According to the findings, 0.2% of newborns were exposed to ADHD medications during pregnancy, and 1% had mothers who were treated before or after pregnancy. The findings indicate that those who were exposed to ADHD drugs during pregnancy had a 50% increased risk of admission to a neonatal intensive care unit (NICU), when compared to other newborns.

The findings also suggest that there was a nearly doubled risk of central nervous system-related disorders, and a were 30% more likely to be born preterm.

The study found no link between pregnancy use of ADHD drugs and congenital malformations or death.

“Treatment with ADHD medication during pregnancy was associated with a higher risk for neonatal morbidity, especially central nervous system-related disorders such as seizures,” the researchers concluded. “Because of large differences in background characteristics between treated women and controls, it is uncertain to what extent this can be explained by the ADHD medication per se.”

ADHD Drug Overuse Concerns

The study comes amid increasing concerns over the perceived overprescribing of ADHD drugs.
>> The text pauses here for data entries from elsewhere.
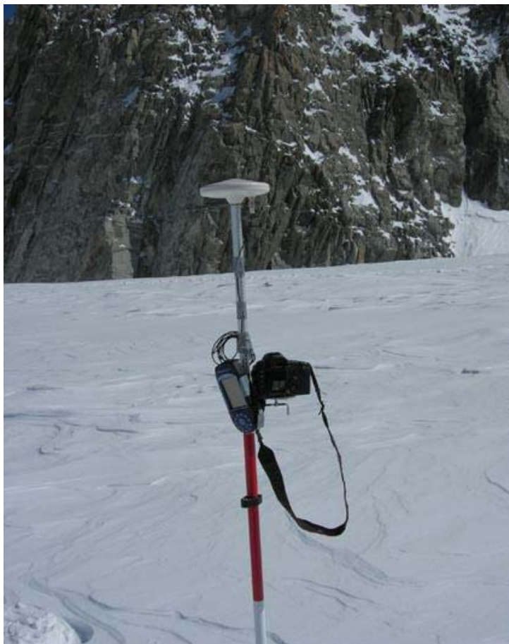
High resolution digital camera (Nikon D700) coupled to GPS for the photo-GPS technique used at Aiguilles Marbrées North face (Mont Blanc massif).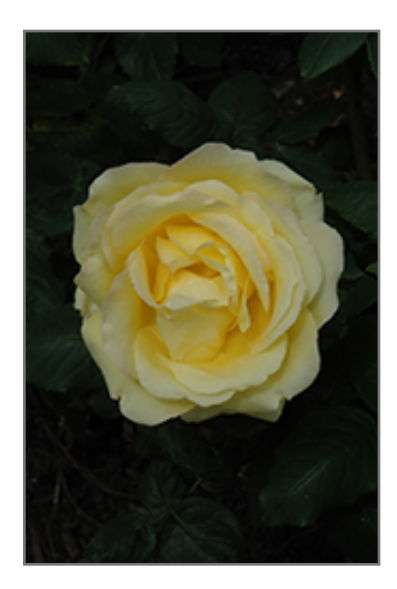
Easy Going Rose flowers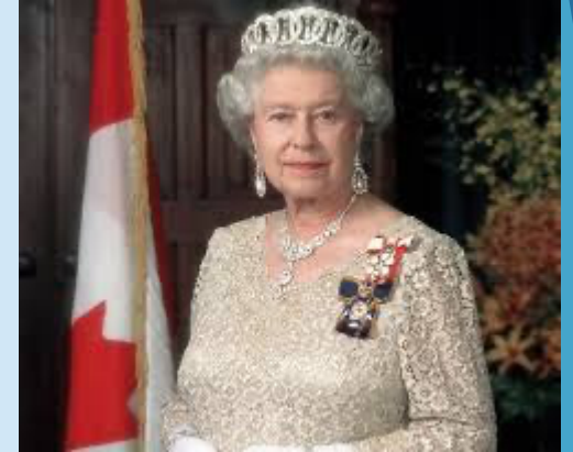
The Queen signs off a proposed law if both the House of commons and Lords agree.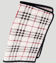
Full size waterproof Table mat, easy to clean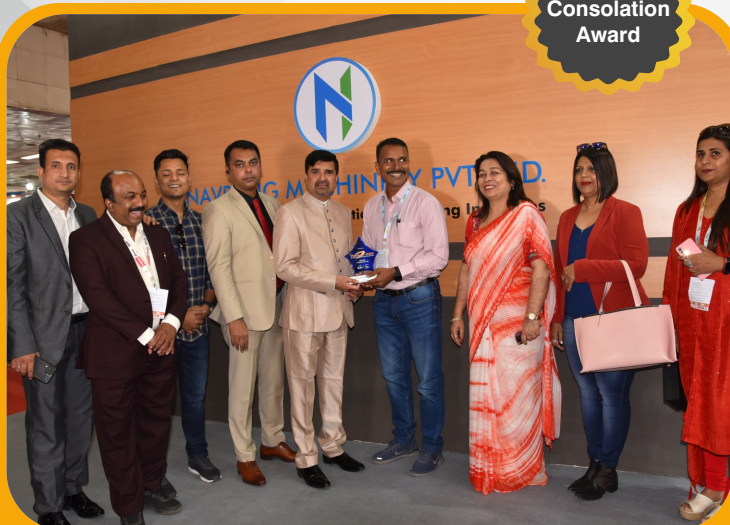
NAVRANG MACHINERY PVT. LTD.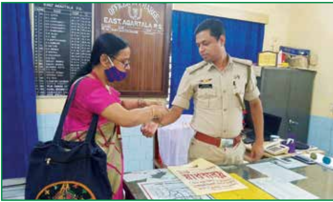
Tying a friendship band during the CHILDLINE Se Dosti week, at Agartala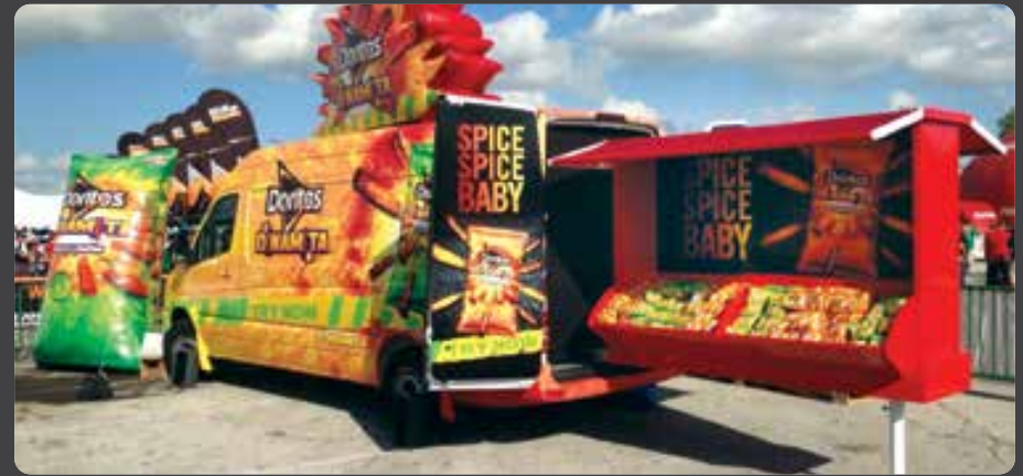
CGS EXCLUSIVE BOLT-IN / SAMPLING TOUR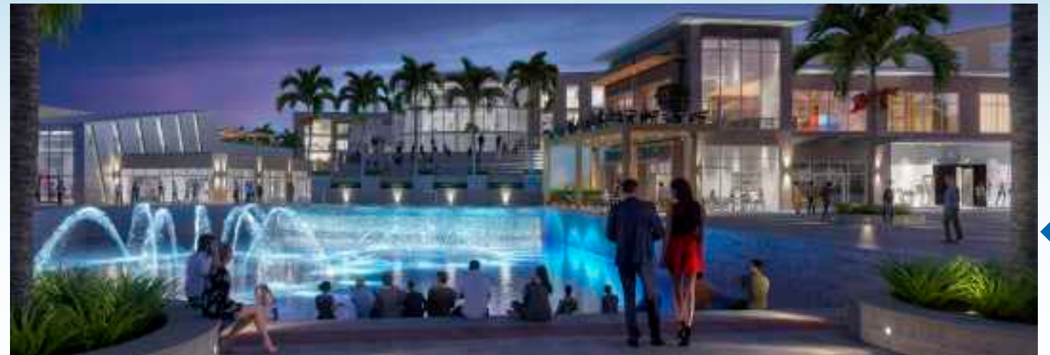
Artist rendering showing the conceptual commercial town center that may be part of the final community.

"This will be a destination to visit, a place to hang out with neighbors and family."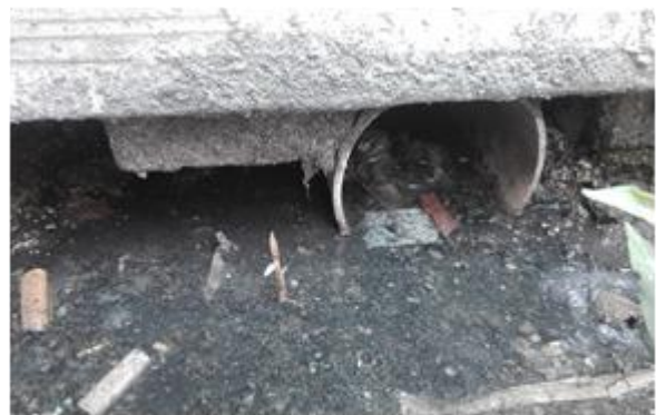
Figure 7: Sahngriila; kitchen drain directed towards Lake

About 15% of all high school-age children in the United States have been diagnosed with ADHD, but some experts say that number should be closer to 5%.
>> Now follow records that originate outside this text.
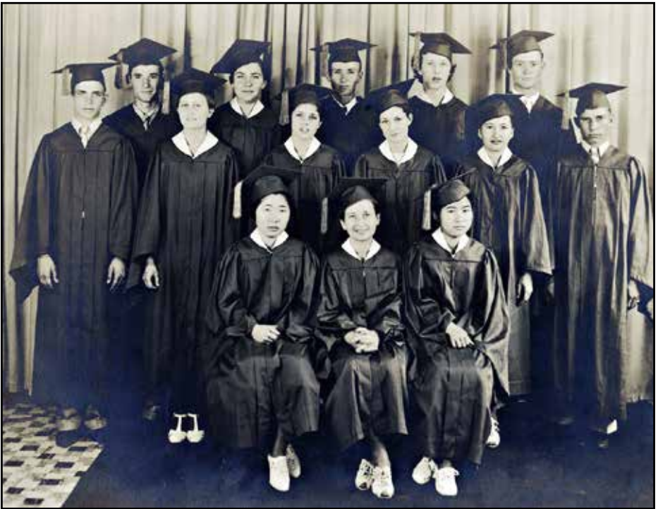
Fannett High School Seniors Class of 1937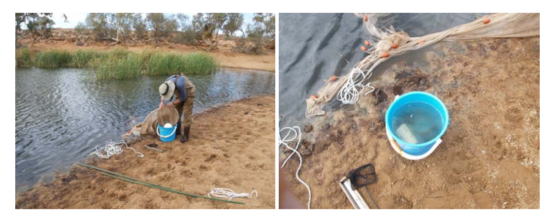
Figure 15 Site 14, main upstream pool St Mary's Pool complex, MacDonnell Creek. Clearing the fyke net into sorting bucket.

Twelve voucher specimens of three species of frogs (the northern undescribed taxon of Flinders Ranges froglet Crinia sp nov, the Spotted Marsh Frog Limnodynastes tasmaniensis , and the Desert Tree Frog Litoria rubella ) and about 35 voucher specimens of seven species of fishes have been lodged in the South Australian Museum. See Table 4.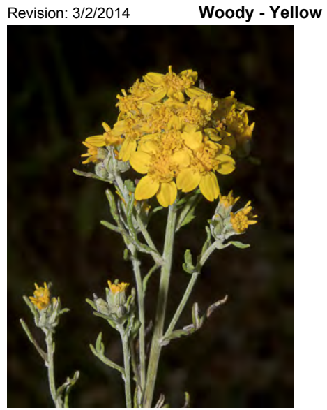
GOLDEN-YARROW (Eriophyllum confertiflorum var. confertiflorum) Native Perennial - Sunflower Family - (Apr-Aug) - Many dry habitats - Shrubby, 8-28" tall. Leaves 0.4-2" long, deeply 3-5 lobed. Flowers yellow; rays 4-6, 0.08-0.2" long; head bracts 4-7.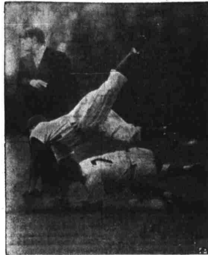
Peewee Takes A Nose Dive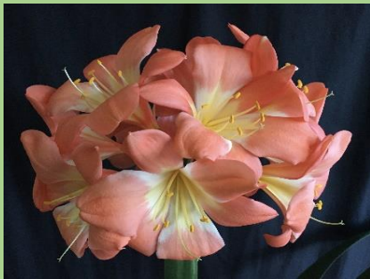
Ghost Nr2 Breeding Podparent has huge flowers. Hope to get percentage large Blush recurve flowers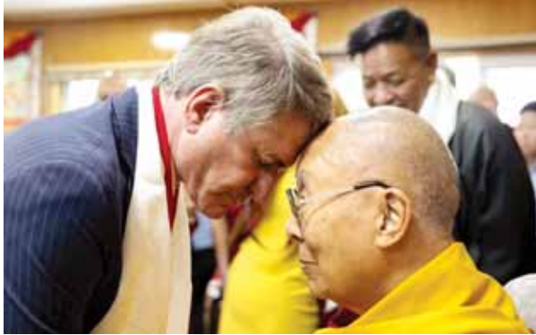
Tibetan spiritual leader Dalai Lama being greeted by US representative Michael McCaul during a meeting with US Congressional delegation at his residence, in Dharamsala

McCaul asserted that people are free in a democracy while they are enslaved in tyranny. "The Tibetan people possess a distinct religion, culture and historic identity and they should have a say in their own future. You should be able to freely practice your religion and that is why we are here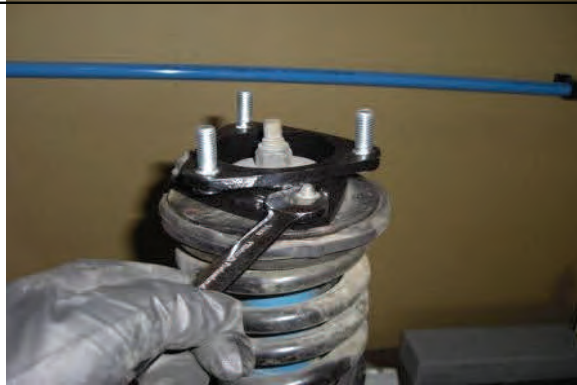
Attach assembled spacer to top of strut w/ OE hardware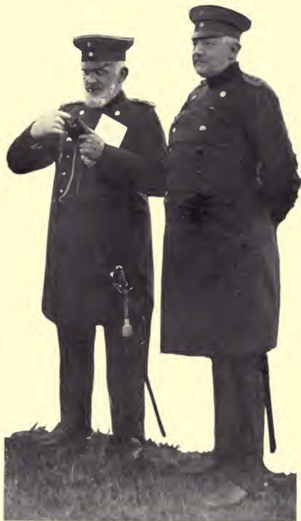
GENERALS VON HEERINGEN AND VON MOLTKE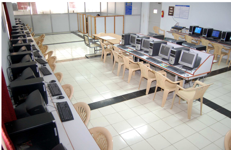
CSE Lab 1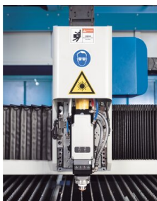
Cutter head with integrated collision guard, automatic focus positioning, and height control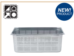
Gastronorm Pan Perforated 1/1 Size

HACCP APPROVED. 18/10 STAINLESS STEEL. MINIMUM GAUGE 0.6MM. ANTI-JAM DESIGN. REINFORCED EDGES ON PANS AND COVERS PROVIDE A SECURE FIT.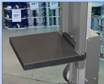
Optional platform for loose cans or other case packed goods.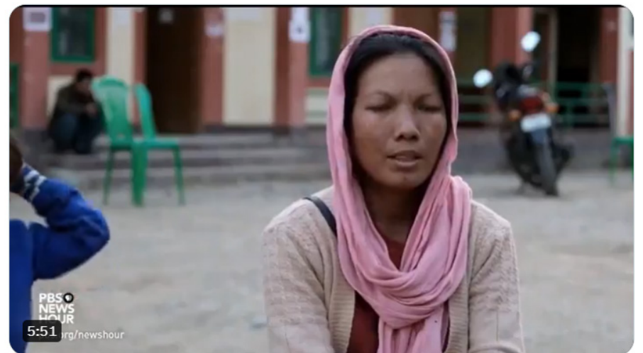
1:11 AM · Apr 25, 2024 · 126.6K Views

One early advocate of stimulate treatment for children with ADHD, Dr. Keith Conners of Duke University, said that the rate of children now being diagnosed with ADHD and placed on drug treatments is “preposterous” and called ADHD an epidemic manufactured by drug companies.

Conners and others say that the inflated diagnoses and prescriptions are the result of a 20 year effort by the pharmaceutical industry to cash in on concerned parents hoping that poor grades and typical childhood behavior can be cured with drugs.

While some manufacturers paid off doctors to speak on their drugs behalf, others have gone as far as releasing comic books encouraging children to take medication to address ADHD. At some point since 2000, Conners noted that the FDA has cited every major ADHD drug manufacturer for false and misleading advertising about their ADHD drugs.

Those efforts led to $9 billion in sales for the ADHD drug industry in 2012, and 3.5 million children using ADHD medications.